Post up the links. We need to start an "All things TT audio" thread. Too many of these threads keep popping up. We need something "stickied".


----------



## ModsTTand (Jul 8, 2009)

(Post up the links. We need to start an "All things TT audio" thread. Too many of these threads keep popping up. We need something* "stickied"*.)

I'm gathering information regarding the same topic , I concur ur suggestion Warrant


----------



## lite1979 (Sep 9, 2005)

I'm following this as well. I can't invest in a decent sound system just yet (and I may just replace my door speakers when all is said and done), but I've managed to get to every speaker in the car between taking out my headliner and replacing the heater core in my coupe.

By the way Govt-Cheese is a brilliant screen name. I f***in' love it.


----------



## becker780 (Apr 30, 2013)

I just did the system on my coupe. Im not using the dash tweeters. I put a new HU in and used the speaker pre outs for a 1000 watt 4 channel amp. then I just ran new speaker wires to the doors and rear panel speakers (alpine type s 6.5 inch, component in doors and coaxial in back)

sounds great, eventually another amp is going in with a sub or two. 

its so easy to pull the door panels, kick panels (where your hood latch is) and trim panels back. then pop the rear seat up and run your wires under it right into the trunk to said amp. run the speaker wire right through the door jam boots where your other door harnesses go through. 

just an idea but you could get more creative. 

also the alpine S 6.5 components bolted right into the door and the tweeters were super easy to put in where the OEMs were. 

whole thing took me two nights, taking my time soldering all connections and hiding all wiring.


----------



## Govt-Cheese (Oct 13, 2009)

Mykal said:


> :screwy:
> Post the damn link.


I have 2 now. 

Here's the first one I found, with amp location in roadster and a few pics:
http://www.audi-forums.com/1998-2006-audi-tt/53322-2001-audi-tt-roadster-sub-amp.html

Here's one I just found, a great page with lots of pics, you old timers probably know him:
http://mk1tt.montebellopark.com/


----------



## Govt-Cheese (Oct 13, 2009)

lite1979 said:


> By the way Govt-Cheese is a brilliant screen name. I f***in' love it.


I "work" for the government, sometimes I feel like my paycheck is free cheese.


----------



## Govt-Cheese (Oct 13, 2009)

Ok so I'm in the middle of this install and tuning and the car broke down but I'll throw out some info. (Here's the thread of my TT not functioning: http://forums.vwvortex.com/showthre...-driving-hasn-t-started-for-8-hrs-please-help) I will include pics when I do a final write up.

One more reference I used, other than the ones above: http://forums.vwvortex.com/showthre...ose-Head-Unit-Radio-Install&highlight=speaker. It has a link to pIOUs' write up.

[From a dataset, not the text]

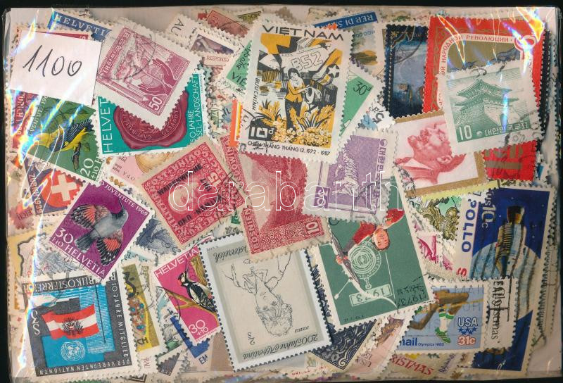 Leírás: 1.100 db vegyes külföldi bélyeg ömlesztve tasakban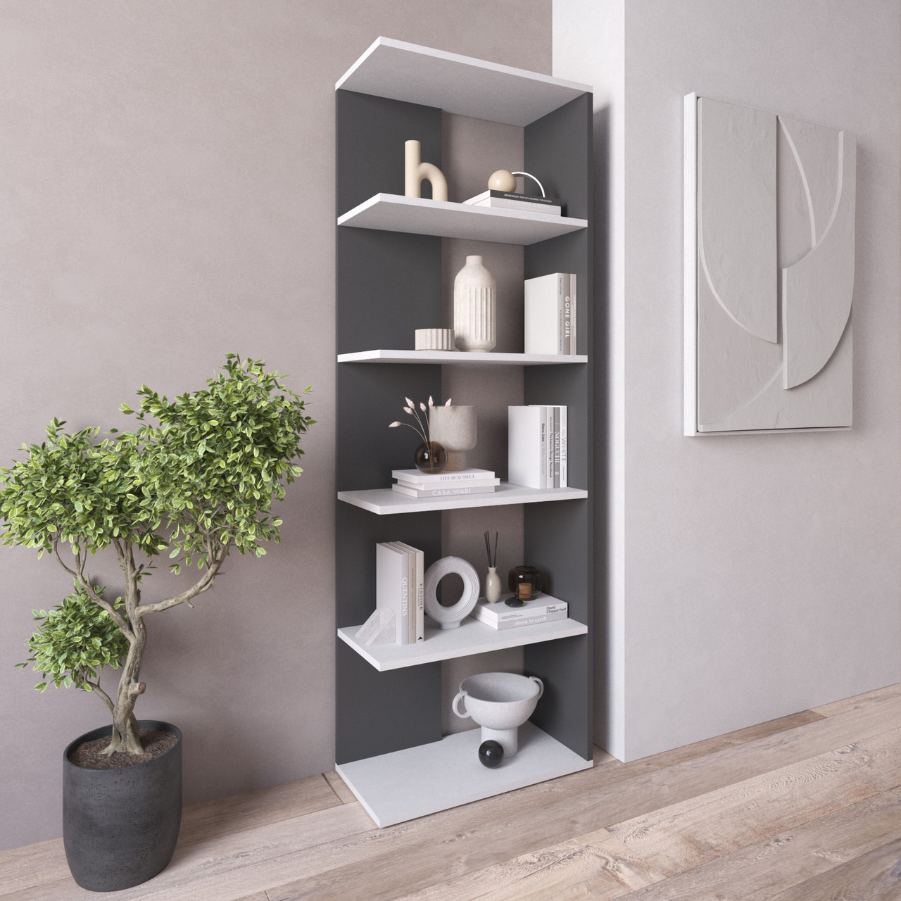 Полиця для книг та декору, стелаж на 5 полиць D-6

First off, I have a 02 TT with Bose Concert II with CD player in the dash. I purchased all my equipment from Sonic Electronix. Good prices but I had a lot of problems with them. First, they sent the wrong harness- they sent another one. Second, the harness that is "supposed" to go with it (Metra 70-1787) bypasses the HU internal amp and uses the Bose amp, by plugging into the new HU preamp outs and you need to have front and rear preamp (which my Pioneer DEH-X8500BS has). Next, the dimmer function and switched power in the factory unit are controlled by Audi's computers, so you need to run your own wires for this, not use the ones in the harness. I found out all of this by lots and lots of searching, that's why I wanted to put it all down here in hopes it will be easier to find. Another issue with this setup is, since you're using the Bose amp, the center dash speaker is still working. I may just find the signal out wire from the amp and cut it, I'm not even sure I'm going to keep the factory amp instead of running my own wires from the HU to the new speakers.

I installed Rockford Fosgate Punch speakers front and rear, 6 1/2" with tweeters in the door and 3 1/2" behind the seats. It didn't take much to remove the old ones and very little modification to install the new speakers (pics to come later). Then center speaker is louder than the RFs so I will probably disconnect it soon. The factory sub was another story. It wasn't functioning when I bought the car. I pulled it out, filled the cavity behind it with Dynamat and installed a 8" MB Quart in its location, being driven by a MB Quart 200 w amp in the trunk. At least, that was my intention: the wiring kit I purchased was also missing it's remote wire. That, and they ALSO included the wrong faceplate :banghead: and I ended up needing help from a local shop. Lucky for me, the installer had done some type of Audi and was familiar with these issues. They got the right faceplate, finished the sub install, ran the microphone and sat antenna for the head unit, so the install was done. Unfortunately, the flip down door hits the Pioneers volume knob :facepalm: Also, the sub sounded terrible in the factory mount (mounted to steel and plastic, not really an enclosure). I put a 12" sub in a truck box in the trunk, sounded great so I figured it was the enclosure. I ended up picking up an inexpensive MDF board 8" tube to mount the MB Quart in, it's short enough to sit front to back on one side of the trunk so I think I'll go with that (pictures when I'm done with everything).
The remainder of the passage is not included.